Simulated Author's Rebuttal

3 responses · 0 unresolved

We thank the referee for the constructive comments, which have helped us strengthen the manuscript. We have revised the paper to include additional experimental details, clarifications on the method, and new ablations for the scalar-feedback extension. Our point-by-point responses follow.

read point-by-point responses

Referee: [Abstract] Abstract and experimental claims: the reported gains in sample efficiency and accuracy over RLVR baselines are presented without details on statistical significance tests, exact baseline implementations, hyperparameter sweeps, or controls for post-hoc selection, which is load-bearing for the central empirical claim that SDPO consistently outperforms strong baselines.

Authors: We agree that these details are essential for validating the empirical claims. In the revised manuscript, we have added statistical significance testing (bootstrap confidence intervals and paired tests across seeds) for all reported improvements. We now provide exact baseline code references, full hyperparameter sweep ranges and selection criteria (chosen via validation performance prior to test evaluation), and explicit controls against post-hoc selection by reporting all runs from a fixed hyperparameter set. These additions directly address the load-bearing concerns. revision: yes
Referee: [Method] Method description (self-distillation step): the procedure conditions the current model on tokenized feedback and distills its next-token predictions back into the policy, but provides no external validation, oracle comparison, or bias-correction term to break potential reinforcement of systematic in-context reasoning failures; this assumption is load-bearing for both the rich-feedback gains and the scalar-feedback repurposing result.

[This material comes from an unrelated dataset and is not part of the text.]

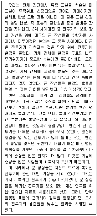 ㉠:전투기에서 총알을 많이 맞는 동체 쪽에 철갑을 집중해야 충분한 보호 효과를 볼 수 있다는
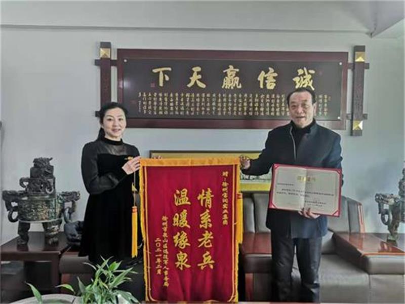 “情系老兵,溫暖緣泉”,泉山區退役軍人事務局特于2021年2月向集團頒發了榮譽證書與錦旗。

Authors: The core assumption is that the model can use in-context feedback to identify its own mistakes, which we validate empirically through performance gains. We have expanded the method section with an oracle comparison (where available in synthetic settings) and an ablation measuring distillation quality against ground-truth next tokens. A general bias-correction term is not introduced because it would require strong assumptions on error distributions not present in the verifiable domains; we instead discuss this as a limitation and show via ablations that systematic failures are not reinforced in practice. The description is now more precise. revision: partial
Referee: [Experiments] Scalar-feedback extension: the claim that SDPO outperforms baselines in standard RLVR environments by using successful rollouts as implicit feedback for failed attempts lacks a concrete derivation or ablation showing that this does not simply reduce to standard RLVR with additional data filtering.

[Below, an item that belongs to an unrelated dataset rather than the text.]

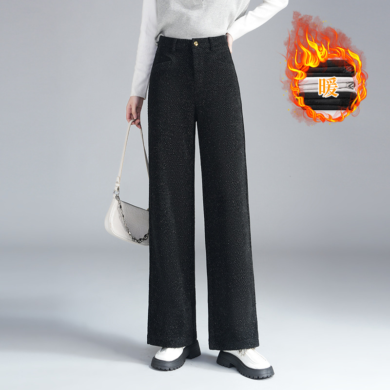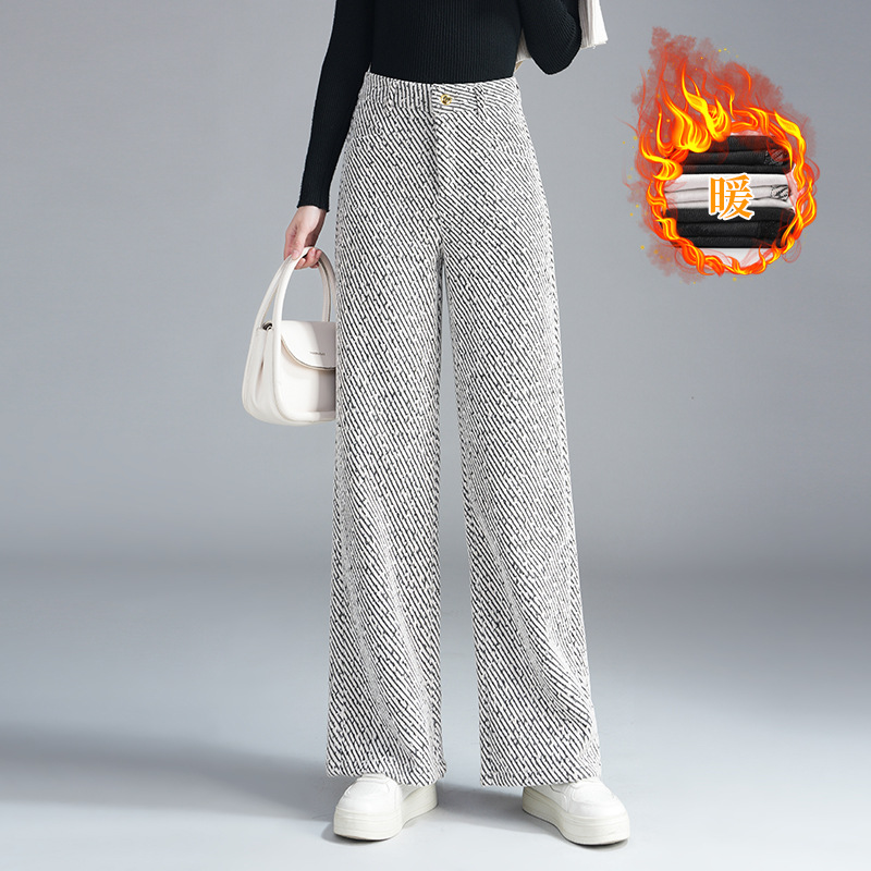 24年秋冬宽版条纹阔腿裤日韩风高腰修身休闲百搭加绒加厚直筒裤

Authors: We have added a formal derivation in the revised paper showing that SDPO's distillation transfers next-token distributions from successful contexts to failed attempts, creating a dense alignment signal distinct from filtering (which only augments data volume without cross-context transfer). We include a new ablation comparing SDPO against RLVR trained on filtered successful rollouts plus original data; SDPO retains statistically significant gains, confirming the benefit is not reducible to filtering alone. revision: yes

Circularity Check

0 steps flagged

No significant circularity: SDPO is an algorithmic definition, not a tautological derivation

full rationale

The paper defines SDPO explicitly as distilling the current model's own feedback-conditioned next-token predictions back into the policy. This is a design choice for the optimization procedure rather than a claimed first-principles derivation or prediction that reduces to its inputs by construction. No equations are presented whose outputs are forced to match inputs (e.g., no fitted parameter renamed as a prediction, no uniqueness theorem imported from self-citation, no ansatz smuggled via prior work). Empirical gains are asserted over RLVR baselines on LiveCodeBench and other tasks, but these rest on experimental comparison rather than algebraic identity. The self-teacher aspect is load-bearing for the method's motivation but does not create a self-definitional loop in any reported result or proof. The derivation chain is therefore self-contained against external benchmarks.

Axiom & Free-Parameter Ledger

0 free parameters · 1 axioms · 0 invented entities

The approach rests primarily on the domain assumption that the model can usefully identify and correct its own mistakes when given feedback; no free parameters or new invented entities are introduced in the abstract description.

axioms (1)

domain assumption The current model, when conditioned on feedback, produces next-token predictions that form a useful dense learning signal for the policy.
This is the core premise enabling self-distillation without an external teacher.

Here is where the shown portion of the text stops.